# RECORDED DATA

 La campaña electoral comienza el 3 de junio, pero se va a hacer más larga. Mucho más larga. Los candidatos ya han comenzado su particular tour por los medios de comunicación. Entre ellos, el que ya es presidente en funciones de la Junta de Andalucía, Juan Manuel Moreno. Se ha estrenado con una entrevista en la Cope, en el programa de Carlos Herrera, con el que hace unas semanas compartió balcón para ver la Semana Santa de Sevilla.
---
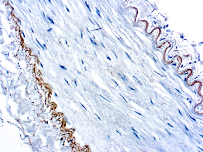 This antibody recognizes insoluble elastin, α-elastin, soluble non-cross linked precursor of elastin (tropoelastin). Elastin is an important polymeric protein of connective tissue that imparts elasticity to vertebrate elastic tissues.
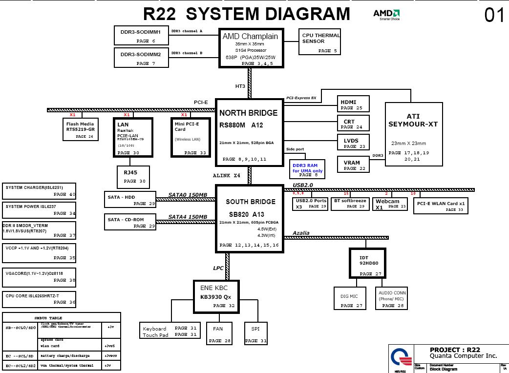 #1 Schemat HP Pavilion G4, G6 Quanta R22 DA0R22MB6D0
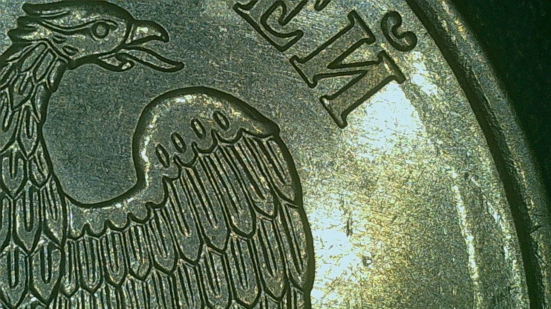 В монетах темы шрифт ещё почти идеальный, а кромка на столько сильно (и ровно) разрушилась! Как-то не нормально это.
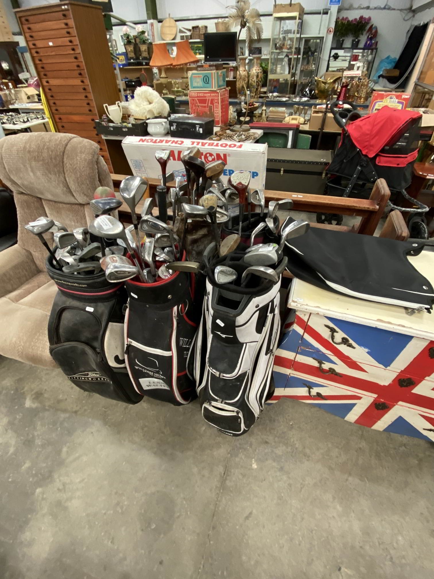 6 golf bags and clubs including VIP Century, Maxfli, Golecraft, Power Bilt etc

# PROBLEM REQUIREMENTS
Find the line with "This antibody recognizes" in the data above, and from there retype each line exactly through the line with "6 golf bags", skipping the pictures along the way.

# ANSWER TO THE EXERCISE
 This antibody recognizes insoluble elastin, α-elastin, soluble non-cross linked precursor of elastin (tropoelastin). Elastin is an important polymeric protein of connective tissue that imparts elasticity to vertebrate elastic tissues.
 #1 Schemat HP Pavilion G4, G6 Quanta R22 DA0R22MB6D0
 В монетах темы шрифт ещё почти идеальный, а кромка на столько сильно (и ровно) разрушилась! Как-то не нормально это.
 6 golf bags and clubs including VIP Century, Maxfli, Golecraft, Power Bilt etc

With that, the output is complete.